The budget included plans to divert a portion of Social Security payroll taxes into private accounts. In the $2.9 trillion budget, Bush calls for nearly $80 billion in cuts to Medicare and Medicaid, along with plans to force seniors to pay more for their Medicare Part B (doctor’s visits) premiums and larger portions of their prescription drug premiums under Medicare Part D. Bush’s proposed new eligibility rules for coverage under the State Children’s Health Insurance Program (SCHIP) will prevent hundreds of thousands of low-income children from receiving health care under the program. If those rules were in effect today, the Centers for Medicare and Medicaid Services estimates some 350,000 children would not be eligible for coverage.On the jobs front, Bush cuts more than $1 billion in job training and employment programs, just a week after he talked about the need for better training and assistance to help America’s workers compete in a global economy. The Bush budget eliminates current job training for unemployed adults and at-risk youths and funnels that money into block grants for unproven so-called Career Advancement Accounts that the previous Republican-controlled Congress rejected several times.

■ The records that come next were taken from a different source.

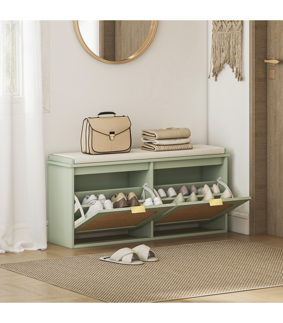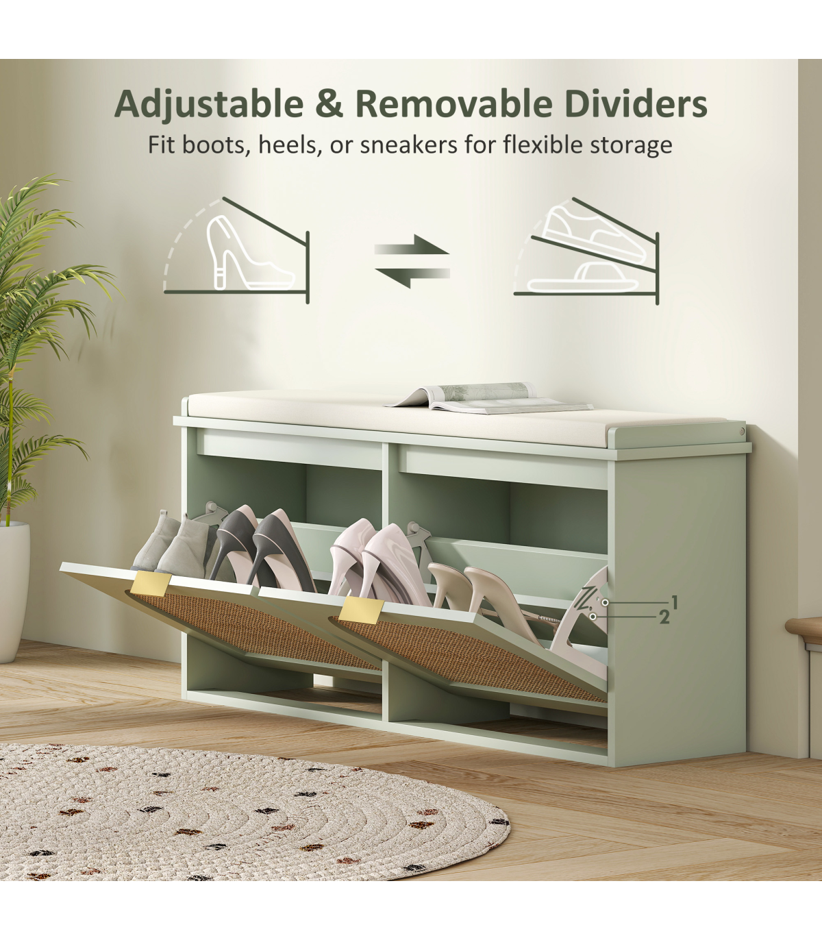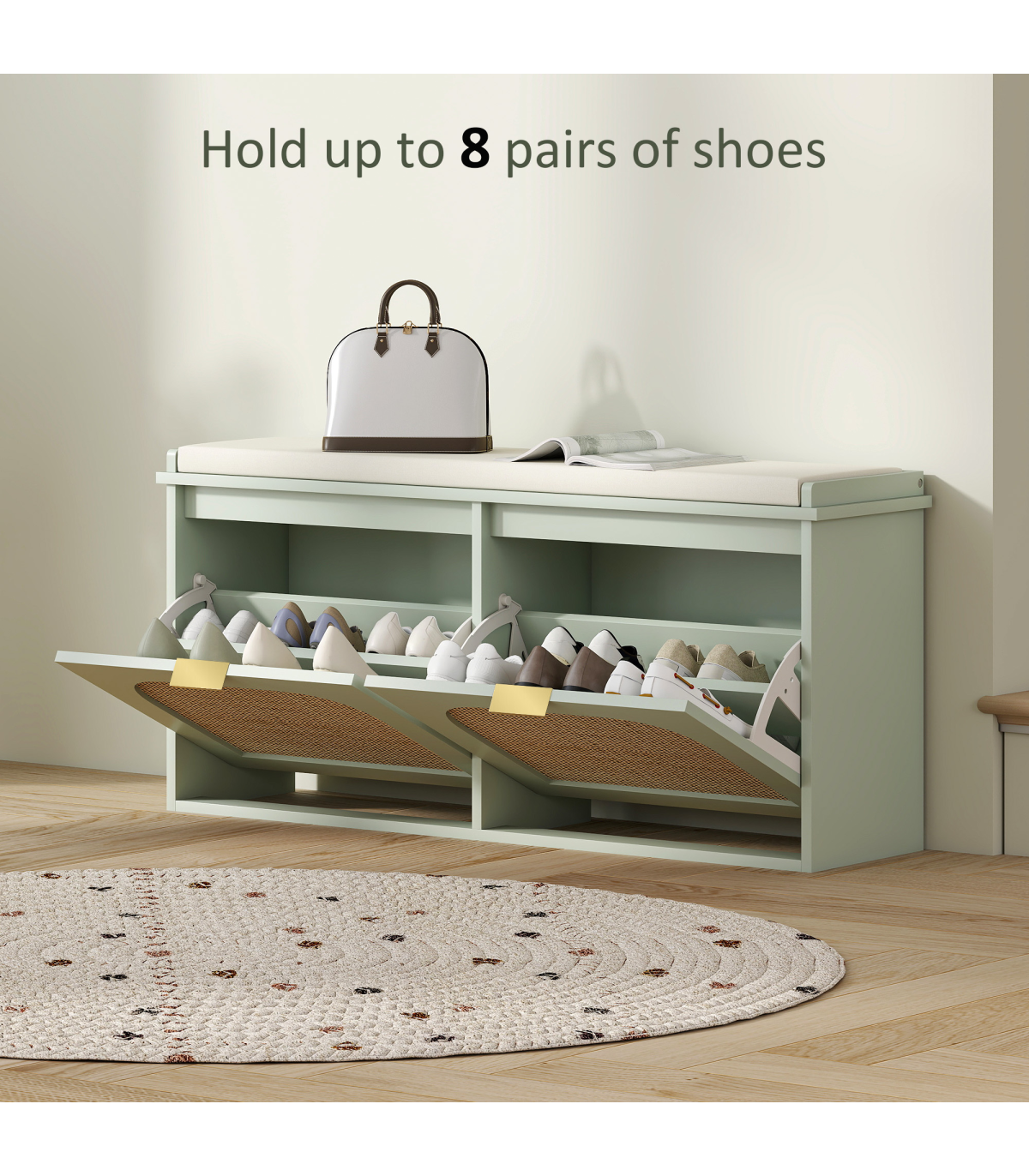 - Two flip drawers hold up to ten pairs of shoes neatly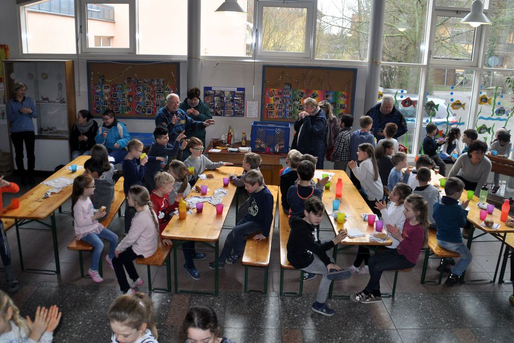 Dann ging es endlich in die Klassenzimmer! Dort hatten die Erstklasslehrerinnen Frau Rimmel und Frau Schiersch schon alles wunderbar für ihre neuen Schülerinnen und Schüler vorbereitet. Die Eltern und Gäste konnten sich in der Zwischenzeit am reichhaltigen Buffet stärken, das die Zweitklasseltern liebevoll vorbereitet hatten.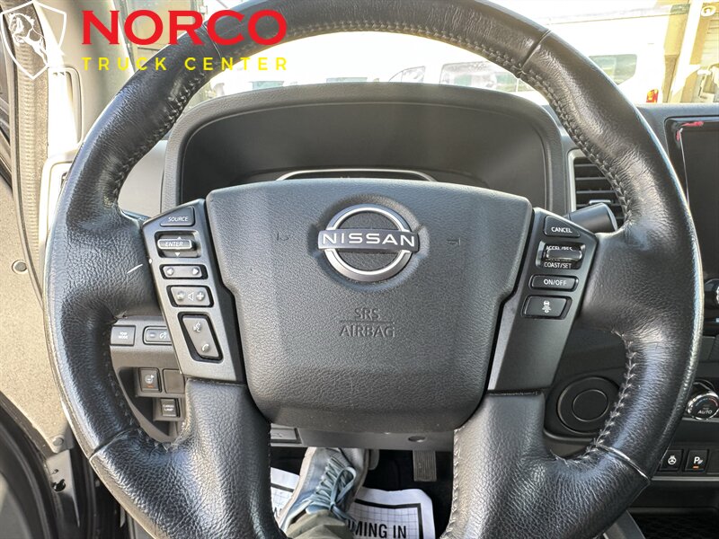 INSTALLED FEATURES: Air filtration, Front air conditioning, Front air conditioning zones: single, Rear vents: second row, Airbag deactivation: occupant sensing passenger, Front airbags: dual, Knee airbags: dual front, Side airbags: front, Side curtain airbags: front / rear, Antenna type: diversity / mast, Auxiliary audio input: Bluetooth / iPod/iPhone / jack / USB, Radio: AM/FM / touch screen display / voice operated, Radio data system, Satellite radio: SiriusXM, Speed sensitive volume control, Total speakers: 6, ABS: 4-wheel, Braking assist, Electronic brakeforce distribution, Front brake type: ventilated disc, Power brakes, Rear brake type: ventilated disc, Armrests: rear center with cupholders / rear folding, Floor material: carpet, Interior accents: metallic-tone, Shift knob trim: leather, Steering wheel trim: urethane, Assist handle: front / rear, Center console: front console with armrest and storage, Cruise control, Cupholders: front / rear, Multi-function remote: keyless entry / panic alarm, One-touch windows: 1, Overhead console: front, Power outlet(s): two 12V front / USB front / USB rear / USB-C front / USB-C rear, Power steering: variable/speed-proportional, Power windows: lockout button, Push-button start, Reading lights: front, Rearview mirror: manual day/night, Steering wheel: tilt, Steering wheel mounted controls: audio / cruise control / phone / voice control, Storage: door pockets / front seatback / under rear seats, Vanity mirrors: dual, Door handle color: body-color, Front bumper color: body-color, Grille color: silver, Mirror color: body-color, Pickup bed light, Rear bumper color: body-color, Skid plate(s): front, Tailgate: lift assist / removable, Window trim: black, Infotainment: NissanConnect, Infotainment screen size: 8 in., Smartphone integration: Android Auto / Apple CarPlay, Clock, Digital odometer, External temperature display, Fuel economy display: range, Gauge: oil pressure / tachometer / transmission temperature, Instrument cluster screen size: 7 in., Trip odometer, Warnings and reminders: coolant temperature warning / low fuel level / low oil pressure / maintenance due, Headlights: halogen, Taillights: LED, Side mirror adjustments: manual folding / power, Alternator: 180 amps / 185 amps, Automatic emergency braking: front / front pedestrian, Camera system: rearview, Check rear seat reminder, Child safety door locks, Child seat anchors: LATCH system, Crumple zones: front / rear, Driver attention alert system, Pre-collision warning system: audible warning / pedestrian detection / visual warning, Rearview monitor: in dash, Emergency locking retractors: front / rear, Front seatbelts: 3-point, Rear seatbelts: 3-point, Seatbelt force limiters: front, Seatbelt pretensioners: front / rear, Seatbelt warning sensor: front, Driver seat manual adjustments: lumbar, Driver seat power adjustments: 6 / height / reclining, Front headrests: 2 / adjustable, Front seat type: bucket, Passenger seat manual adjustments: 4 / reclining, Rear headrests: 2 / adjustable, Rear seat folding: split, Rear seat type: 60-40 split bench, Upholstery: premium cloth, Anti-theft system: alarm / vehicle immobilizer, Power door locks: anti-lockout / auto-locking, Hill holder control, Stability control, Traction control, Trailer stability control, Front shock type: twin-tube gas, Front spring type: coil, Front stabilizer bar: diameter 36 mm, Front struts, Front suspension classification: independent, Front suspension type: double wishbone, Rear shock type: twin-tube gas, Rear spring type: leaf, Rear stabilizer bar: diameter 25 mm, Rear suspension classification: solid live axle, Rear suspension type: multi-leaf, Electronic messaging assistance: voice operated / with read function, Hands-free phone call integration: voice operated, Smart device app compatibility: NissanConnect, Wireless data link: Bluetooth, Pickup bed cargo management: tie-down anchors, Spare tire mount location: underbody, Spare tire size: full-size, Spare wheel type: steel, Tire Pressure Monitoring System, Wheels: steel, Front wipers: variable intermittent, Pickup sliding rear window: manual, Power windows, Rear privacy glass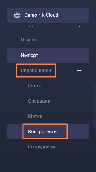 Зайдите в раздел меню Финансовый модуль>Справочники>Контрагенты
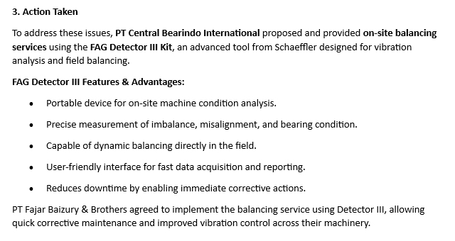 Solusi yang di tawarkan oleh PT CENTRAL BEARINDO INTERNATIONAL adalah menggunakan FAG DETECTORIII KIT + DETECTORIII BALANCING KIT dari Schaeffler untuk memudahkan customer melakukan pengecekan vibrasi fan lebih cepat dan akurat.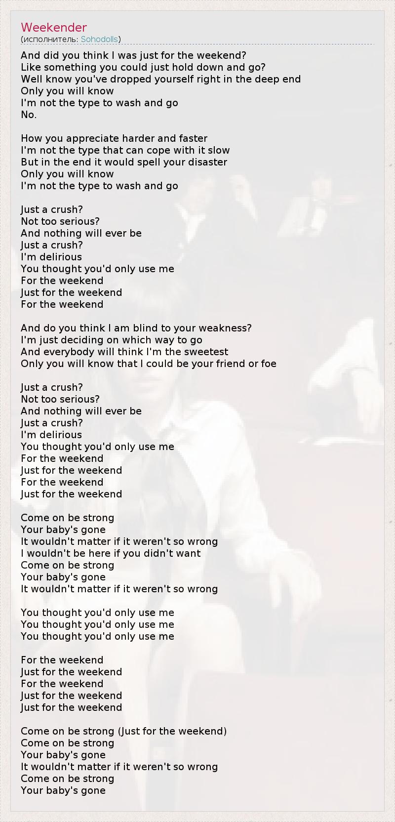Ты считал меня лишь интрижкой на один выходной? Тем, чем можно попользоваться и бросить? Что ж, знай, что ты отшвырнул себя в самый дальний угол, Лишь ты узнаешь, Что от таких, как я, быстро не отделаться, Нет. Как ты оцениваешь силу и скорость? Я не из тех, кто долго возится на месте, Но в конце концов для тебя все может кончиться катастрофой, Лишь ты узнаешь, Что от таких, как я, быстро не отделаться... Просто интрижка? Не слишком серьезная? И никогда ничего не будет... Просто интрижка? Я вне себя, Ты думал, что лишь воспользовался мной По случаю выходного, Лишь на выходной, На выходной... Думаешь, я так слепа, что не заметила твоих слабостей? Я просто решаю, какой дорогой пойти, Все будут думать, что я - милейшее создание, Лишь ты узнаешь, что я могу быть как другом, так и врагом... Просто интрижка? Не слишком серьезная? И никогда ничего не будет... Просто интрижка? Я вне себя, Ты думал, что лишь воспользовался мной По случаю выходного, Лишь на выходной, На выходной, Лишь на выходной. Давай, будь сильным, Твоя малышка ушла, Не будь это неправильным, в этом не было бы смысла, Меня бы не было здесь, если бы ты не хотел, Давай, будь сильным, Твоя малышка ушла, Не будь это неправильным, в этом не было бы смысла... Ты думал, что лишь воспользовался мной, Ты думал, что лишь воспользовался мной, Ты думал, что лишь воспользовался мной, По случаю выходного, Лишь на выходной, На выходной, Лишь на выходной, Лишь на выходной. Давай, будь сильным (Лишь на выходной) Давай, будь сильным, Твоя малышка ушла, Не будь это неправильным, в этом не было бы смысла... Давай, будь сильным, Твоя малышка ушла. * Сленговое обозначение людей, которые всю неделю где-то пропадают и появляются только к выходным.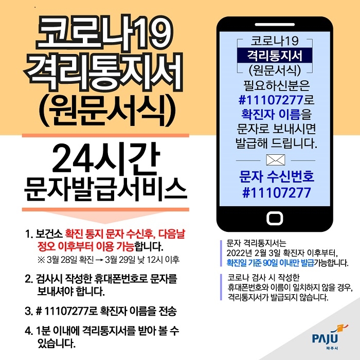 파주시, 코로나19 격리통지서(원본서식) 24시간 문자발급서비스 운영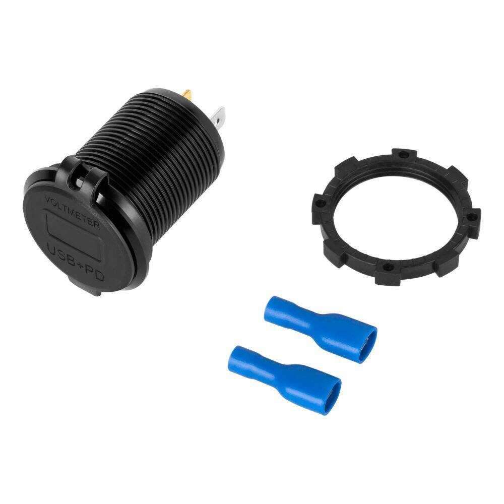 Tomada Dupla USB-A / USB-C de Embutir C/ Voltímetro QC3.0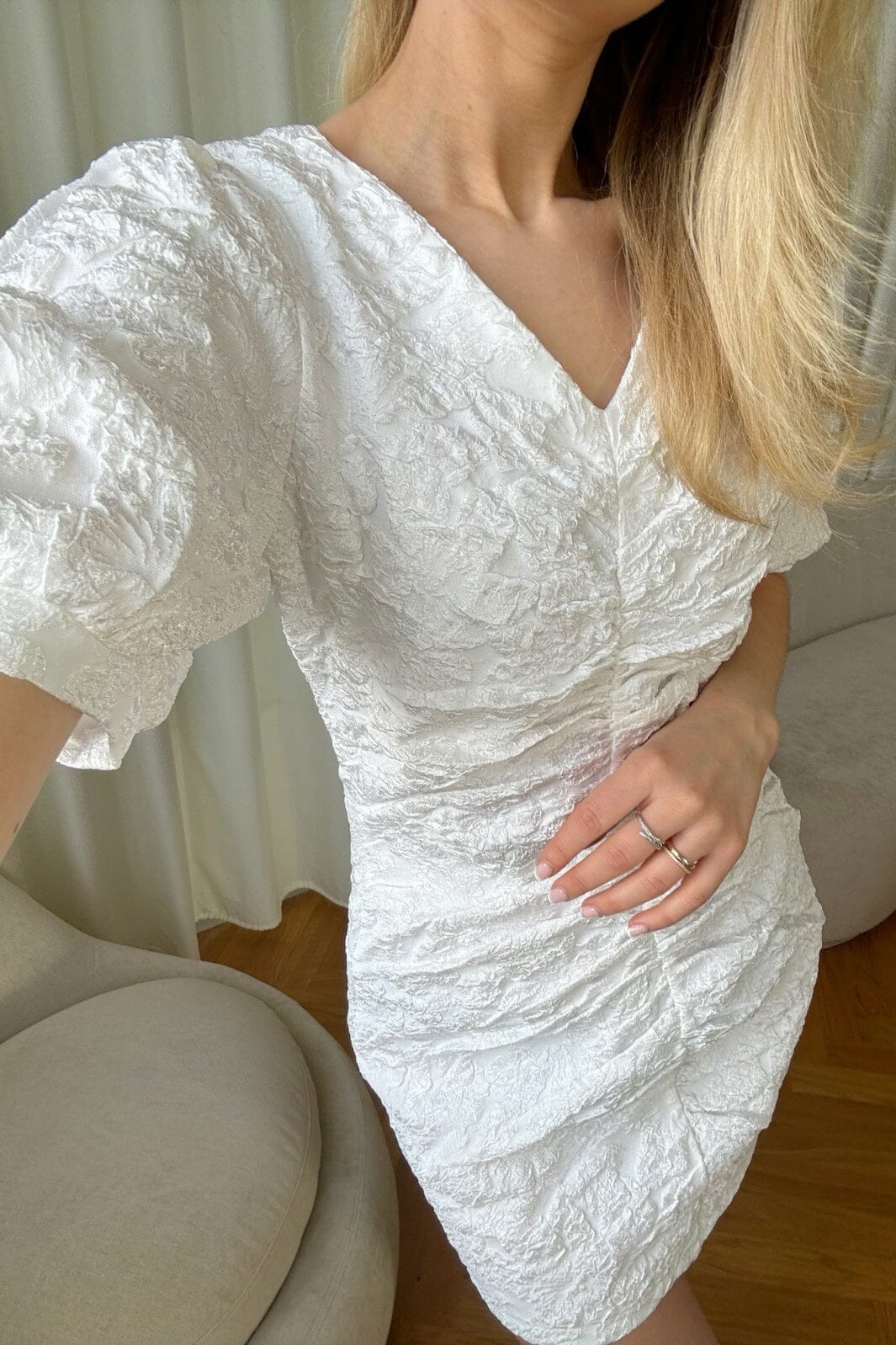 Witte jurk van BYIC met gerimpelde textuur en V-hals. De jurk heeft korte puffmouwen en een korte lengte, waardoor deze geschikt is voor feestelijke gelegenheden.

Bush also wants to cut some $77 million in Trade Adjustment Assistance, which provides income support and training for workers who lose their jobs due to trade. But the cuts follow Bush’s effort to extend his Fast Track trade authority to win the kind of trade agreements that have already cost millions of U.S. workers their jobs.
The budget also calls for $1.2 billion in cuts for Homeland Security grants and training programs, including a 55 percent reduction in grant money for firefighters—from $662 million to $300 million.
The Low-Income Home Energy Assistance Program that helps several million poor families and the elderly and disabled to afford to heat their homes in the winter, faces a 19 percent or $420 million cut under the Bush budget plan.
AFL-CIO President John Sweeney says:
The newly-released Bush budget for fiscal year 2008 shows that this administration still isn’t listening to working Americans and, instead, insists on plowing ahead with skewed priorities and misguided policies despite a clear call for a new direction in November’s elections.
House Speaker Nancy Pelosi (D-Calif.) notes that since Bush took office with a huge federal budget surplus, he’s turned the surplus into “a mountain of debt” and now claims his budget plan will balance the budget by 2012.